David Lynch is probably best known for his work in television, specifically for Twin Peaks, the series which ran for two mind-bending seasons in the early 1990s, then spawned a film, Twin Peaks: Fire Walk with Me, and a third season a quarter century after the original. But Twin Peaks has never been my lodestar. Perhaps that’s because I’m not really a television person; I like things with corners, dreams that begin when I lie down and end when I rise up.
I think, though, that if Twin Peaks is a dreamscape, then it is a dream that has been colonized by television more than it is television that has been colonized by David Lynch’s dreams. The characters in the series behave as if they know, sometimes, that they are in a television show, as though they were dreaming lucidly. It imparts a persistent uncanniness to the action, but only if we are to take it as television; if we are to take it as a dream, then why are its inhabitants so clearly bounded by a set? Is this what happens to dreamers when they spend their lives in the dream factory?
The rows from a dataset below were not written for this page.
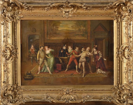 Lot 123. BAKALOWICZ Ladislaus (1833-1903). Huile sur toile “Le duel”. Signé en bas à droite L. Bakalowicz. Ecole polonaise. Dim.:66.5x93cm. Estimation : 2000 € – 3000 €.
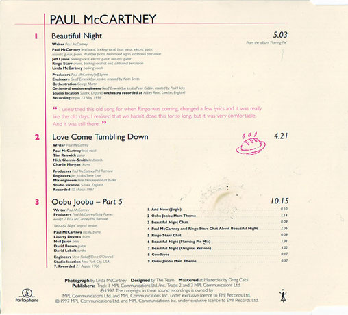 Paul McCartney - Beautiful Night - CD Single 1997 (Parlophone 72438849212)
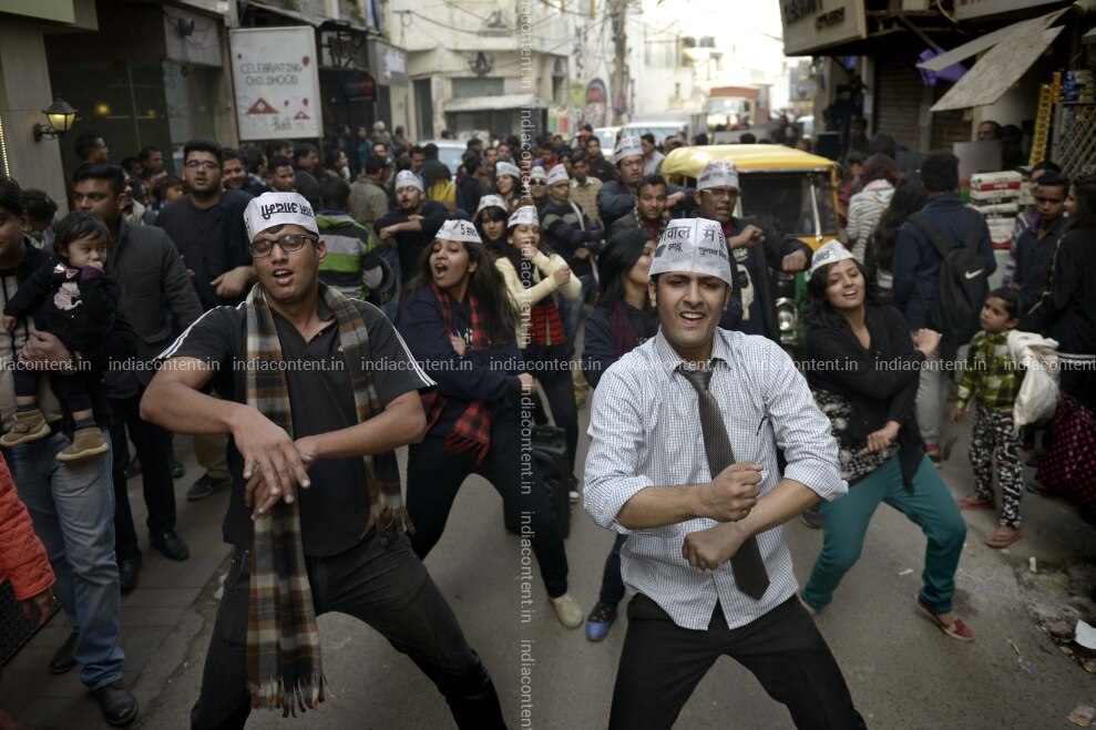 Aam Admi Party supporters and volunteers doing a flash mob at Hauz Khaz Village in New Delhi India on Sunday January 11 2015. Photo by M Zhazo

I thought about that question while watching a 2024 film, I Saw the TV Glow, written and directed by Jane Schoenbrun. The film owes a clear debt to Lynch for its surreal take on the suburban American experience, but I think its deeper debt is revealed in its explicit subject matter. Its two lonely, disaffected teenagers are obsessed with a television show, The Pink Opaque, that feels more real to them than real life. The show-within-the-film is a quirky piece of young adult genre television, about two teenage girls with a telepathic connection who battle a monster of the week sent from the Midnight Realm ruled by Mr. Melancholy. The snippets we see seem to have traveled here from the dreaming plane, but I am not sure whether the dreams belong to the kids or to the showrunner.
I experienced that film as a cautionary tale about how not to let a work of art possess you, a caution that not only these troubled teens but many Lynch fans and even perhaps the filmmaker herself should take to heart. When we meet on the dreaming plane, it should be a communion, not a colonization. When we mine Lynch’s work for a treasure trove of lore, we’re mistaking dreams for reality, which means we’ve forgotten how both dreams and reality operate, and that neither is merely a puzzle to be solved, but an experience to be lived.
David Lynch left our plane of reality this week. He will never get to take us to the dreaming plane again, and that is an incalculable loss for us all. But I am eternally grateful that, through the magic of film, we can still meet him there, and never cease to dream anew.